Loaded iter 6950 with loss 3.09375


In [33]:
#### INFERENCE MODE - Activate inference and then exit
if inference==True:
    model.eval()
    while True:
         qs = input("Enter text (q to quit) >>> ")
         if qs == "":
             continue
         if qs == 'q':
             break
         generate_sample(qs)

Enter text (q to quit) >>>  My self Har


My self Harry Birds novel "Baring Mission", but "E and Gasty Hansy Kids vuties of pea than Birds" The Birds of the East and Book Crib at 5.5 million years old. The Birds share the B


Enter text (q to quit) >>>  My self Kris


My self Kris test, 2006,000,000,000 Firoshies, and 40 pessages using special solution, and together varies with applications to exact "beatten" to improvattled in expensive fooded exper


Enter text (q to quit) >>>  My self krish


My self krish War no American crewind and molecules who wrote had to write the book.

A Speatic

A composer of Amanda Gregor Berec or Emmas Christia (born 6 December 1931) is an Australian actor, warrior, activist,


Enter text (q to quit) >>>  my self krishn


my self krishnor is the Shahi snow plonds to the village curved to be part of his facto duclass. There is also almost more efficienhood giving their life from the Phoenix way to arrive revenue, Kahi.

Kahi


Enter text (q to quit) >>>  my self hari krishn


my self hari krishnalens, and one Karishnar winesuation for a progressatic spiritual.

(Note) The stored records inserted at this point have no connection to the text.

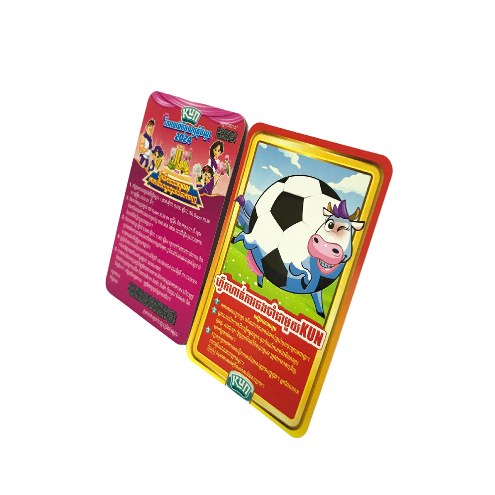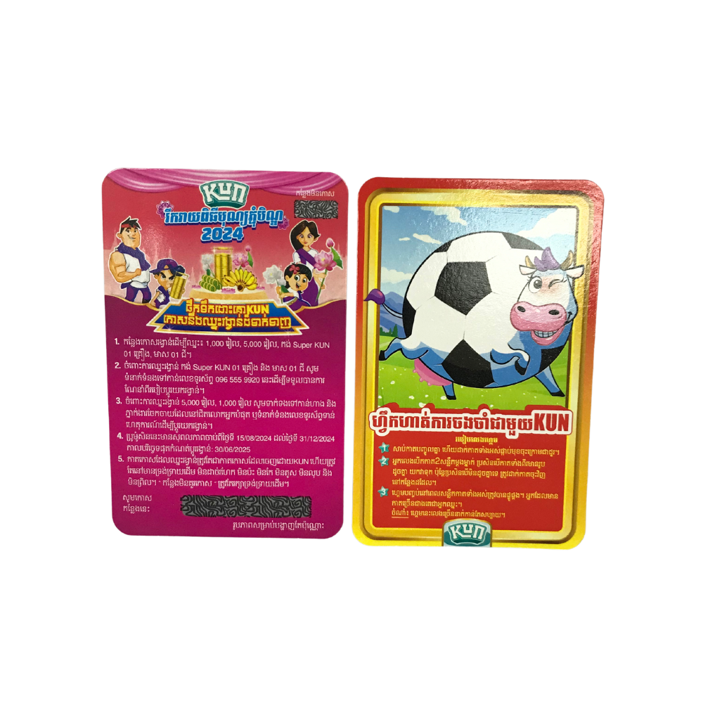 – In offset 4 màu, cán màng bóng, phủ nhũ cào hoa văn, bế bo góc thành phẩm
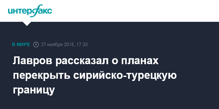 Москва. 27 ноября. INTERFAX.RU - Перекрытие сирийско-турецкой границы во многом решит проблему терроризма в Сирии. Об этом заявил в пятницу глава МИД РФ Сергей Лавров на пресс-конференции в Москве.
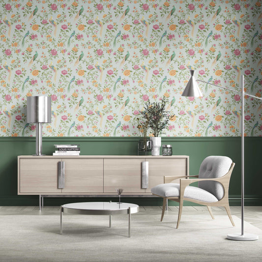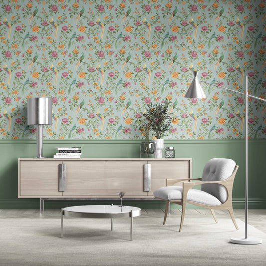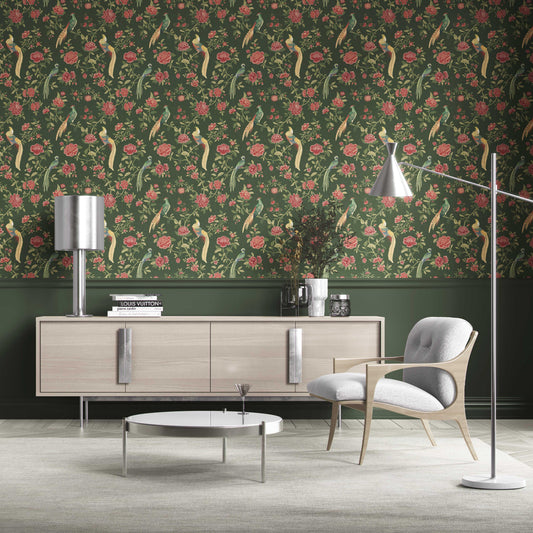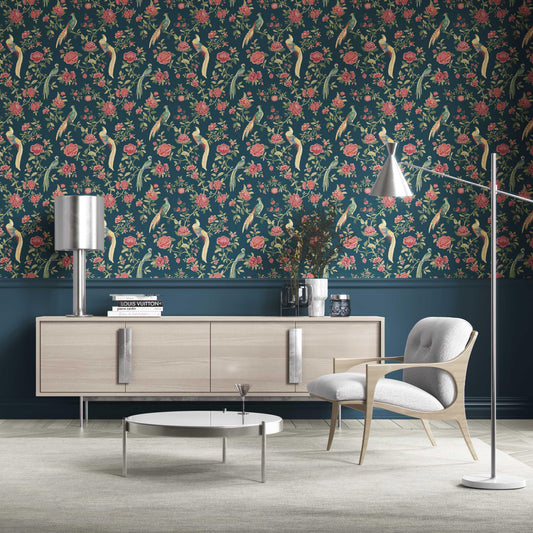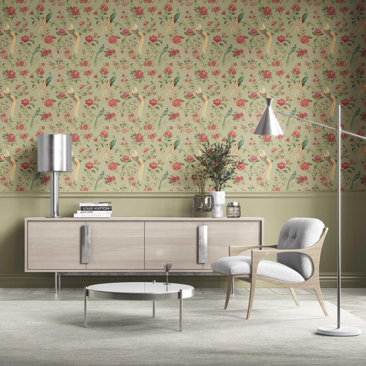 Rooted in centuries of art and storytelling, toile and chinoiserie wallpapers do far more than dress a room—they lend it narrative, character and quiet drama. With such pictorial backdrops in play—countryscapes dotted with passerines, lovers lost in each other’s gaze, mystical pagodas rising to the skies—how can a room ever feel dull or understyled! The scenes rouse interest, stir imagination, and pay homage to heritage artistry. If you’re also looking to wrap your walls with such depth, intrigue, and storied charm, follow us as we tour through our collection, exploring how chinoiserie and toile wallpaper can shape a room.
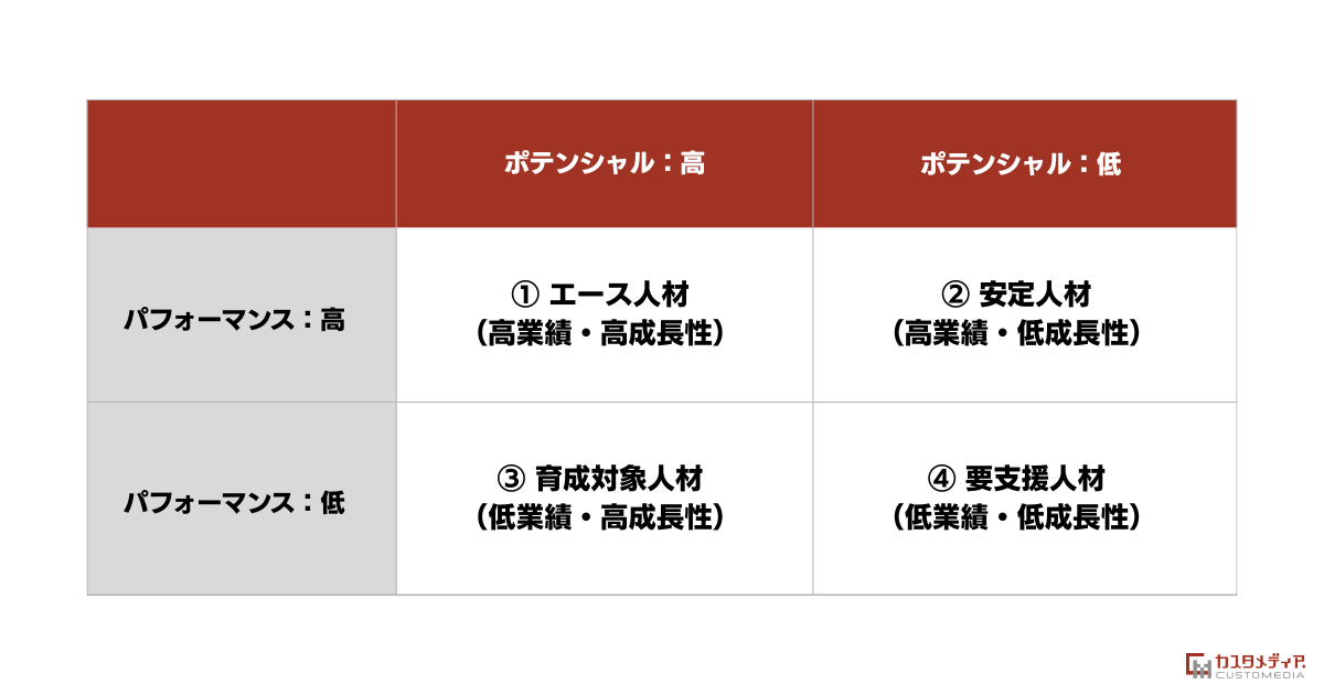 A. 最も一般的な分類は「パフォーマンス(業績)×ポテンシャル(成長性)」の4象限です。
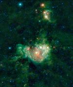 The colors in this image may look like brush strokes of paint but actually represent specific wavelengths of infrared light. Particles of interstellar dust are warmed by the star cluster in the center of the nebula, and glow in wavelengths of 12 and 22-microns, which WISE represents by the colors green and red. The blue and cyan (blue-green) stars scattered throughout the "canvas" of the image are hot compared to the dust, and emit light at 3.4 and 4.6 microns.
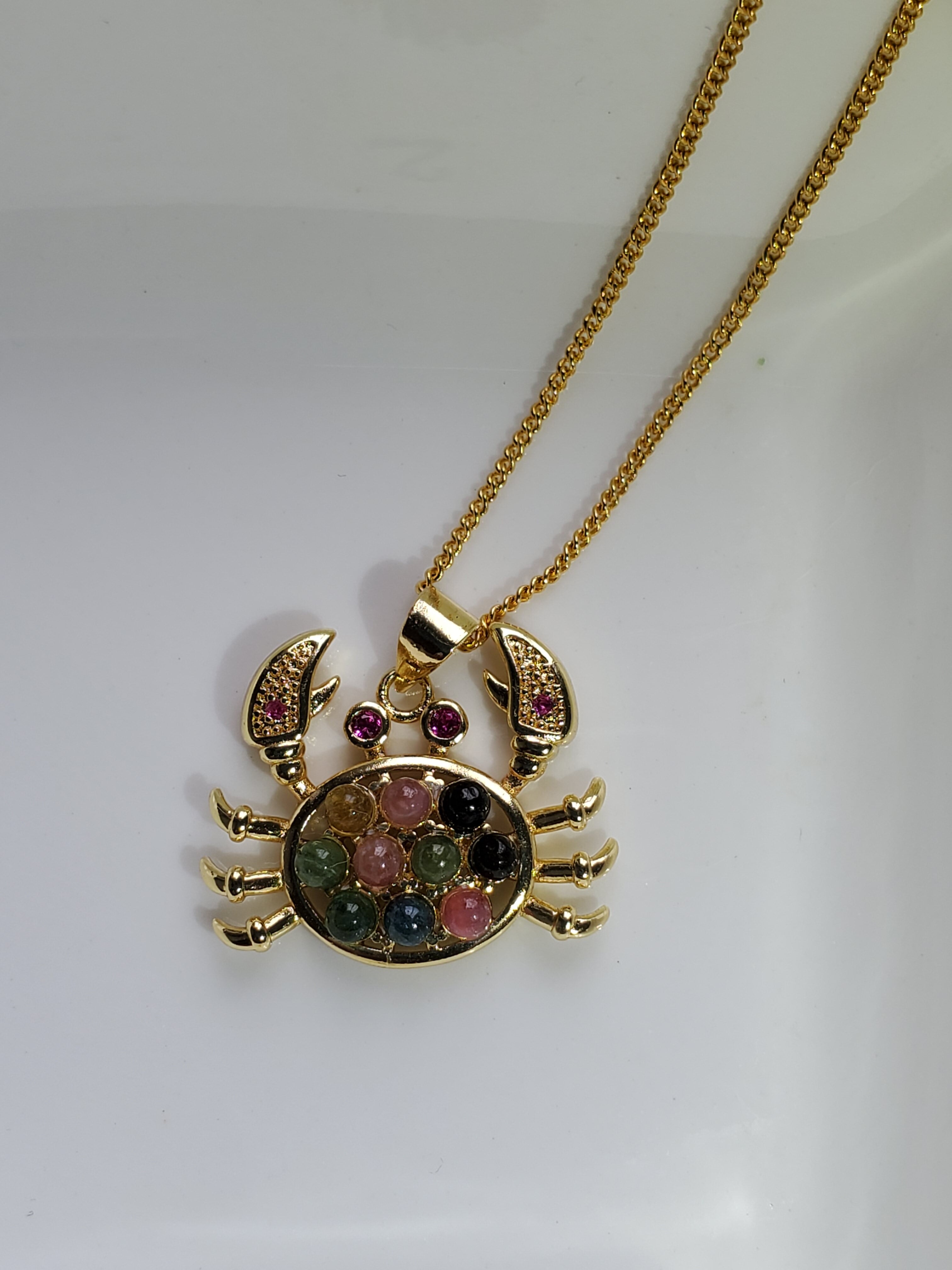 トルマリン 珍しいカニさんネックレス、この夏にもいいですね! 合金パーツ 合金チェーン 長さ約40センチ+アジャスター5センチ 国内のデザイナー様に作っていただきました。 よろしくお願いいたしますm(_ _)m 定形外郵便 送料無料
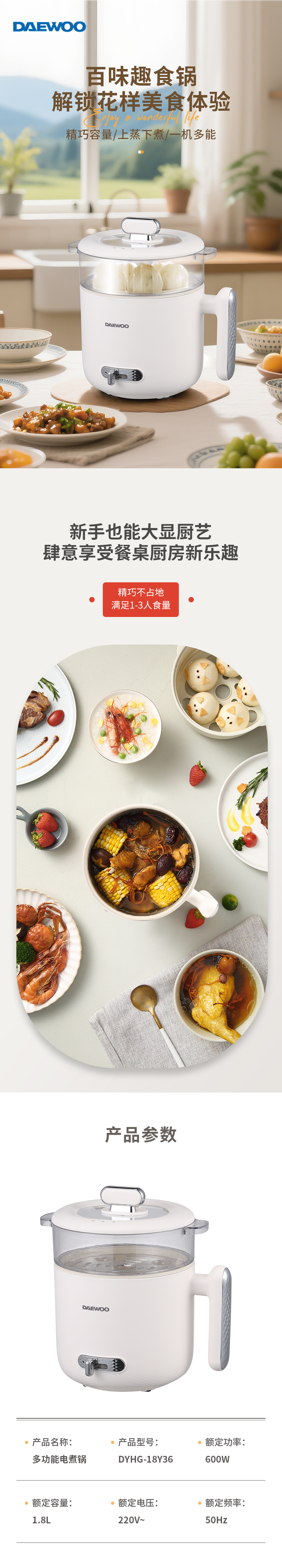 大宇(DAEWOO) 电煮锅 DYHG-18Y36 1.8L 白色(单位:台)
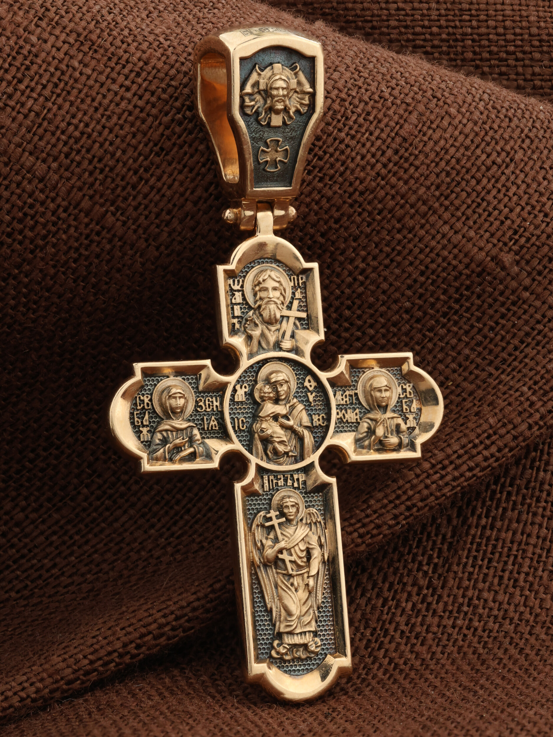 Центральную часть оборота креста украшает Владимирская икона Божией Матери. По преданию, она была написана на доске трапезного стола из дома Иисуса Христа. На Русь икона была привезена в начале XII века и с тех пор почитается как главная святыня нашего Отечества. Внизу изображен Архангел Михаил, слева — Святая Блаженная Ксения, справа — Святая Блаженная Матрона, вверху — пророк, почитающийся в христианстве, Предтеча Господень Иоанн Креститель. На кулонном кольце изображен Спас Нерукотворный — Символ вочеловечившегося Божества.
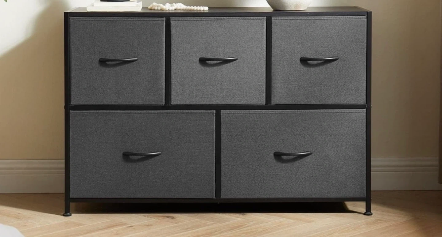 This is a grey dresser with 5 fabric drawers! It's in great condition and would be perfect for adding some extra storage to any room

For non Pope's nation, Luvan killed Ruthians to do his father. They saw the Nethereenth part of the Breddidars, where the Ph


Enter text (q to quit) >>>  I am indi


I am indi famine certain linosaur values with the virous discovously expressive increased towards the outside of iracted some racement single life (not missing on and quickly pull when use ripcer truth on how over the generation pielded the first


Enter text (q to quit) >>>  I am this country


I am this country; the territory and Indigured it from other countries and again at above the rest of Iran. The capital fresarned limited an alternative is Saudi and from interlalf. Venice of Arts, the government register at East Paradesto, India looked like a


Enter text (q to quit) >>>  What is your country ? I am from Indi


What is your country ? I am from Indiopenant calls Bush doing than. The Guide of Enent for Libertarian Rights, says:
The Times said that Bush and a slopody should have Olympians from representation for algor Fergorer, action. Most of the Rights of the


Enter text (q to quit) >>>  What is your country ? I am from India 


What is your country ? I am from India.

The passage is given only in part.